> [Your task] Produce a word-for-word copy of the listing below without its pictures.

> [Data segment]
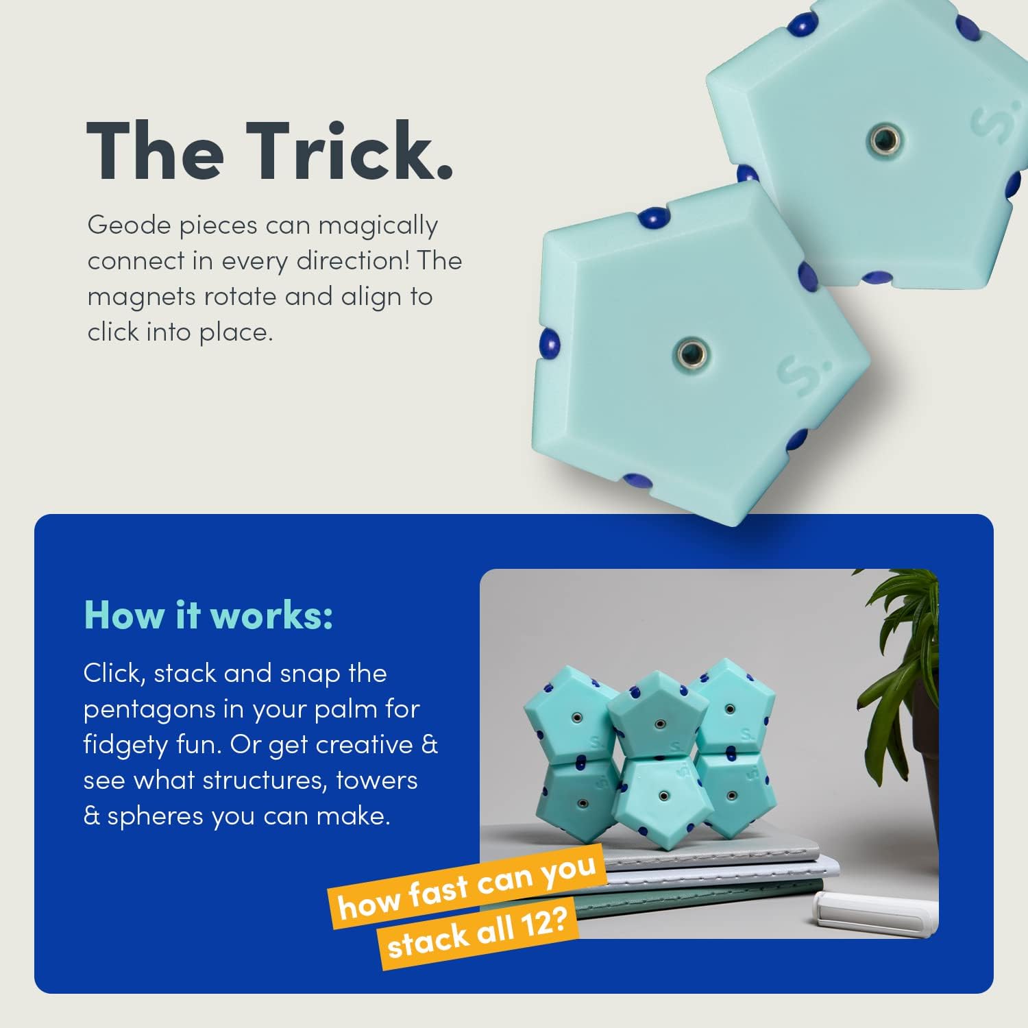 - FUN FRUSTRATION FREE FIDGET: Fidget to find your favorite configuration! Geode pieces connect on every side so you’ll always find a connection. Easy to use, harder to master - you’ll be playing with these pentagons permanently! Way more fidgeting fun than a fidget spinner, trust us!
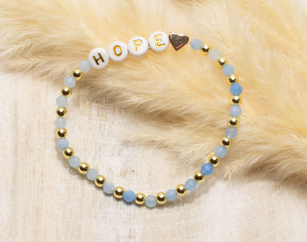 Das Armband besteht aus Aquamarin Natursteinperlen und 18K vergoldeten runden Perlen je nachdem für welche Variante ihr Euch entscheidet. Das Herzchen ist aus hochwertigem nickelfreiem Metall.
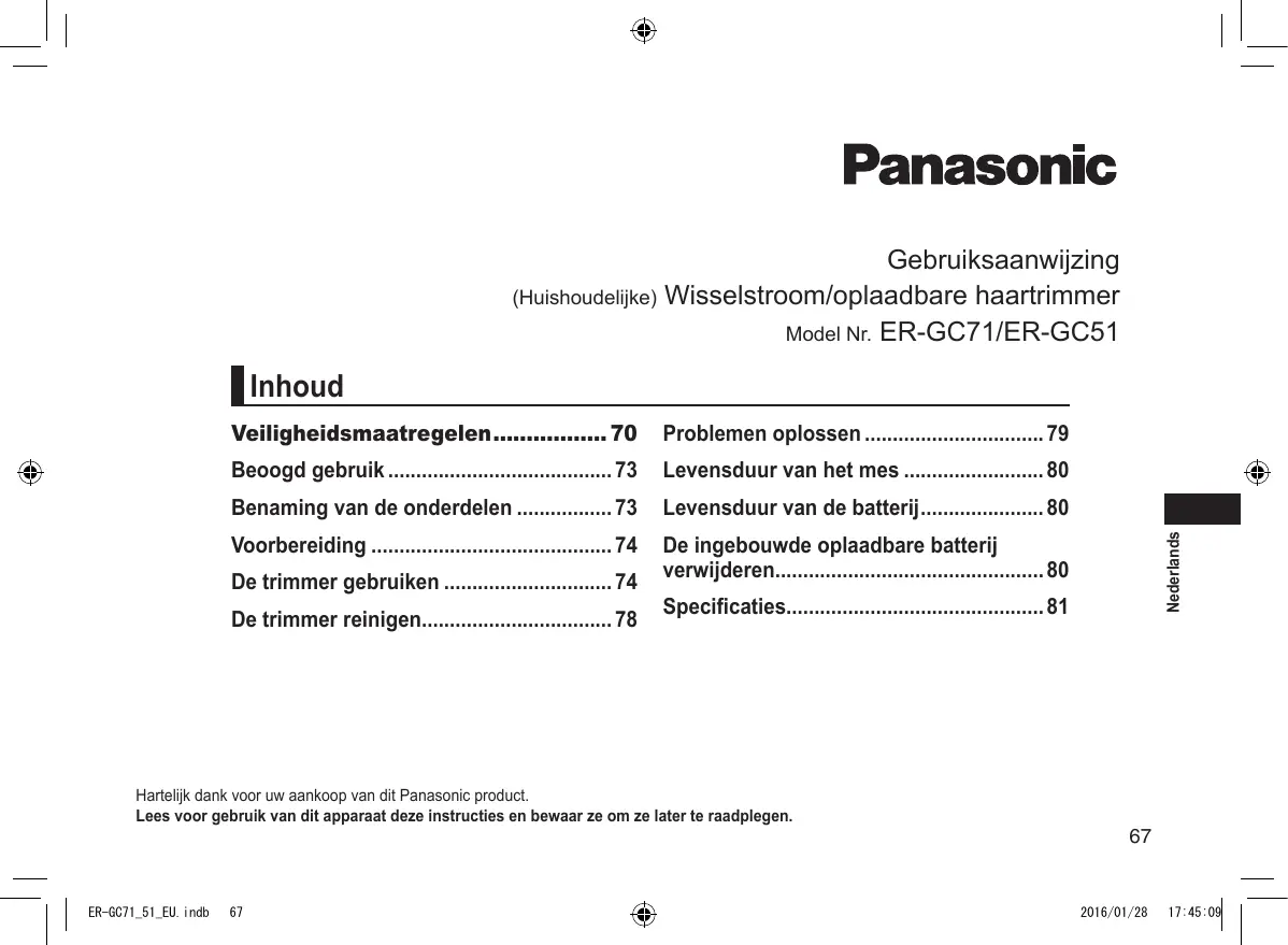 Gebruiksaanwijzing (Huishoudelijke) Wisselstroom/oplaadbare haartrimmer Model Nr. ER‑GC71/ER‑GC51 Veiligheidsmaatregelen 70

> [Response below]
 - FUN FRUSTRATION FREE FIDGET: Fidget to find your favorite configuration! Geode pieces connect on every side so you’ll always find a connection. Easy to use, harder to master - you’ll be playing with these pentagons permanently! Way more fidgeting fun than a fidget spinner, trust us!
 Das Armband besteht aus Aquamarin Natursteinperlen und 18K vergoldeten runden Perlen je nachdem für welche Variante ihr Euch entscheidet. Das Herzchen ist aus hochwertigem nickelfreiem Metall.
 Gebruiksaanwijzing (Huishoudelijke) Wisselstroom/oplaadbare haartrimmer Model Nr. ER‑GC71/ER‑GC51 Veiligheidsmaatregelen 70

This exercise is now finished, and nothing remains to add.